Task directions ::
Set down again, exactly and only, the lines from the one that contains "Cadeira Anne Corda" through the last line of the records below, both included, but not the pictures.

──────── Source data ────────

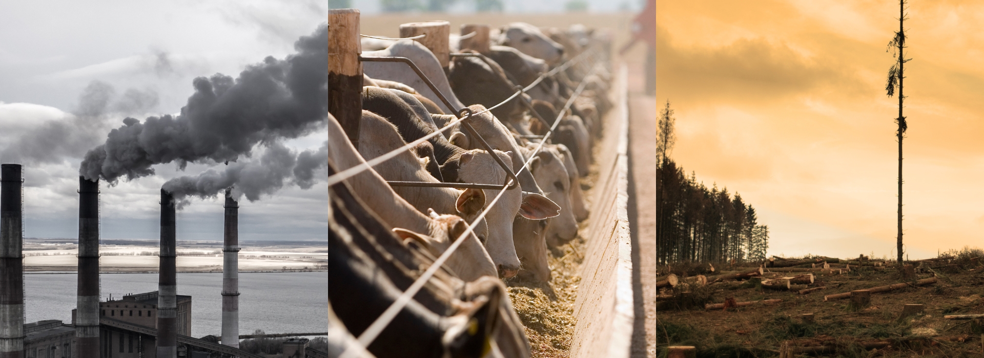 • Attività agricole intensive. Massimizzare la produzione a basso costo può scatenare conseguenze disastrose. Lo sfruttamento eccessivo delle risorse naturali e l’uso eccessivo di prodotti nocivi come i fertilizzanti mettono a rischio la biodiversità e aggravano il cambiamento climatico. Anche l’allevamento intensivo contribuisce negativamente. I bovini e gli ovini, infatti, producono grandi quantità di metano durante il processo di digestione.
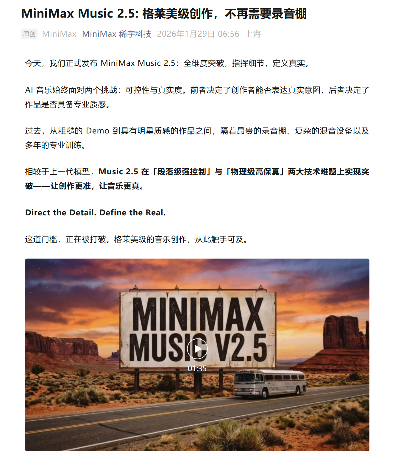 MiniMax今日正式推出Music 2.5音乐生成模型,在“段落级精准控制”与“物理级高保真还原”两大维度实现关键突破。该模型支持Intro、Bridge、Hook等14类音乐结构标签的全流程定制,创作者可预先设定情绪曲线、高潮节点与乐器编排逻辑,大幅降低试错成本。音质层面,通过人声合成算法优化,实现转音细腻度、颤音自然度及胸腔/头腔共鸣的灵活切换;在男女对唱场景中,声部协同与和声层次显著增强。
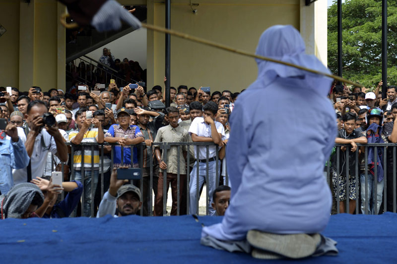 在印尼目前唯一实施伊斯兰法的亚齐省,2名18岁男女青年因在公共场合搂抱,触犯伊斯兰法律规定,在一座清真寺外各被鞭刑17下。当时约百名观众聚集观看两人被鞭。
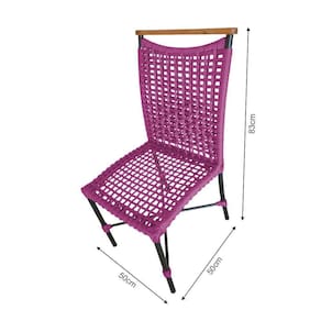 Cadeira Anne Corda Náutica Detalhe Em Madeira Base Alumínio Preto-rosa - Cor: Rosa
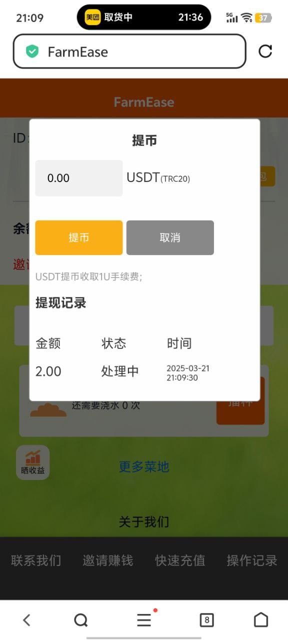 注册首页浇水自助领取2u,可直接领取,需要1u手续费

────────

Exercise response ::
 Cadeira Anne Corda Náutica Detalhe Em Madeira Base Alumínio Preto-rosa - Cor: Rosa
 注册首页浇水自助领取2u,可直接领取,需要1u手续费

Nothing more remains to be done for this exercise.